━━━ Exercise input ━━━

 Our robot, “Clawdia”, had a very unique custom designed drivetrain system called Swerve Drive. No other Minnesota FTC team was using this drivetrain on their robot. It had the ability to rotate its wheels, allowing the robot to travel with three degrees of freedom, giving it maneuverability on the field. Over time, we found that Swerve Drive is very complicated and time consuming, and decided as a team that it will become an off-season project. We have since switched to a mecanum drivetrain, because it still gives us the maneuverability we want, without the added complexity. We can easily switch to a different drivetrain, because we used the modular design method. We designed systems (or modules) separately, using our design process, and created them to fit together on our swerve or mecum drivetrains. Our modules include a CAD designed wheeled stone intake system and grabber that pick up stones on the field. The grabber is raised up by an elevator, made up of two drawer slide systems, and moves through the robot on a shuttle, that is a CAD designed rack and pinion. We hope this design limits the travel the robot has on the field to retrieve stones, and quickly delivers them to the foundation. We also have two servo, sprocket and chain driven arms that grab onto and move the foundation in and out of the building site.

━━━
━━━ Exercise input ━━━

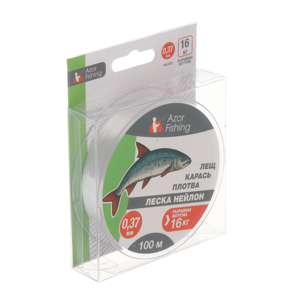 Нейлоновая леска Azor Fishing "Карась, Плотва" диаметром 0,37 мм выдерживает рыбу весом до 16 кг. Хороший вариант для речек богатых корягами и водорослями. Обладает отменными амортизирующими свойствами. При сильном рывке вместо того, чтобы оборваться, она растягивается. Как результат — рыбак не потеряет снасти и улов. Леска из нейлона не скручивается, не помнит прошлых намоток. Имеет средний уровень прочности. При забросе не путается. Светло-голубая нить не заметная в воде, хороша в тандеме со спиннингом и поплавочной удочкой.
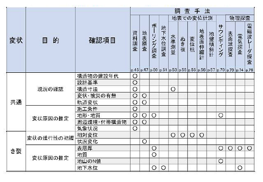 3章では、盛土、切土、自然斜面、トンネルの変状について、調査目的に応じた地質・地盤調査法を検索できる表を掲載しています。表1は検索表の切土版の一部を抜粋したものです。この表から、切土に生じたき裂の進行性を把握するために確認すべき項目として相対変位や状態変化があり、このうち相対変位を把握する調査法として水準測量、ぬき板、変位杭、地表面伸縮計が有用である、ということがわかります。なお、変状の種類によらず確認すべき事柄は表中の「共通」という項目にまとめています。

━━━
━━━ Exercise input ━━━

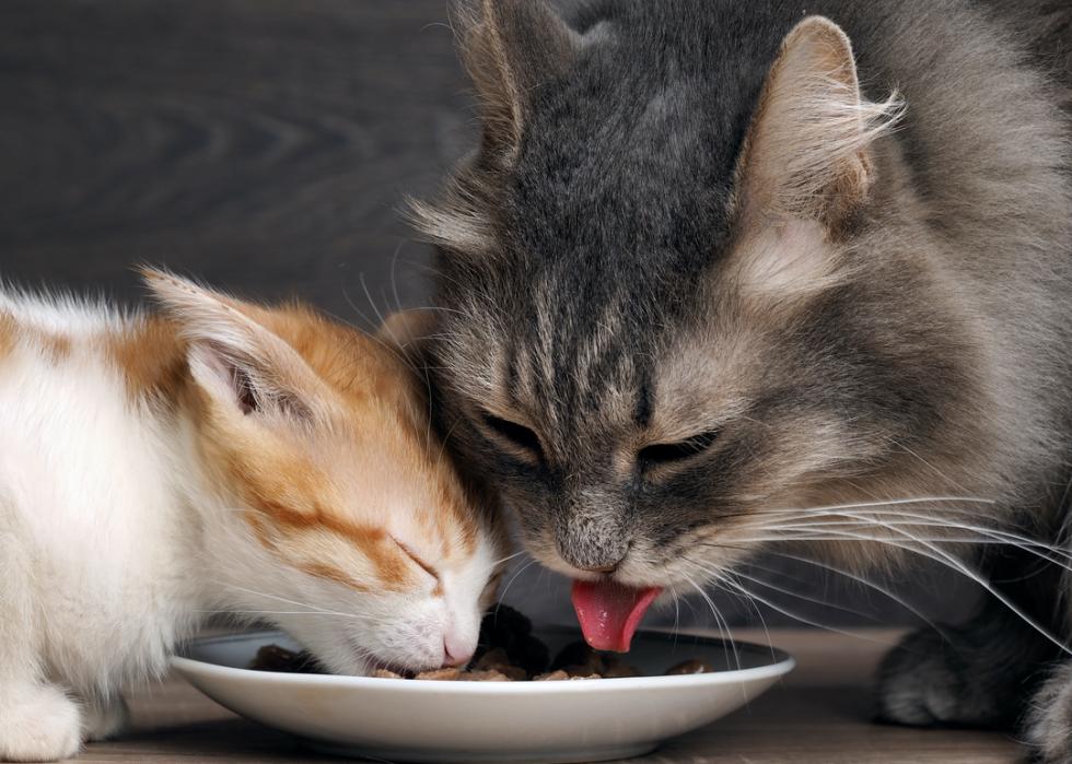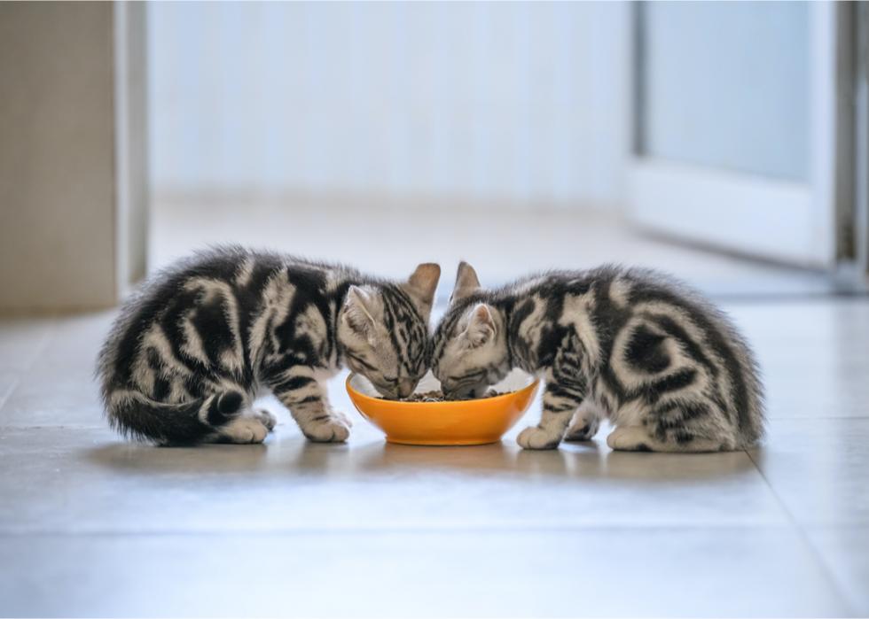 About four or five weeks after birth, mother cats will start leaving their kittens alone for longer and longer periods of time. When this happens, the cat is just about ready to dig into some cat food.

━━━

§ **Directions**
From the records above, transcribe only the stretch from the line with "Нейлоновая леска Azor" through the line with "3章では、盛土、切土、自然斜", keeping both ends. Omit pictures.

§ **Response box**
 Нейлоновая леска Azor Fishing "Карась, Плотва" диаметром 0,37 мм выдерживает рыбу весом до 16 кг. Хороший вариант для речек богатых корягами и водорослями. Обладает отменными амортизирующими свойствами. При сильном рывке вместо того, чтобы оборваться, она растягивается. Как результат — рыбак не потеряет снасти и улов. Леска из нейлона не скручивается, не помнит прошлых намоток. Имеет средний уровень прочности. При забросе не путается. Светло-голубая нить не заметная в воде, хороша в тандеме со спиннингом и поплавочной удочкой.
 3章では、盛土、切土、自然斜面、トンネルの変状について、調査目的に応じた地質・地盤調査法を検索できる表を掲載しています。表1は検索表の切土版の一部を抜粋したものです。この表から、切土に生じたき裂の進行性を把握するために確認すべき項目として相対変位や状態変化があり、このうち相対変位を把握する調査法として水準測量、ぬき板、変位杭、地表面伸縮計が有用である、ということがわかります。なお、変状の種類によらず確認すべき事柄は表中の「共通」という項目にまとめています。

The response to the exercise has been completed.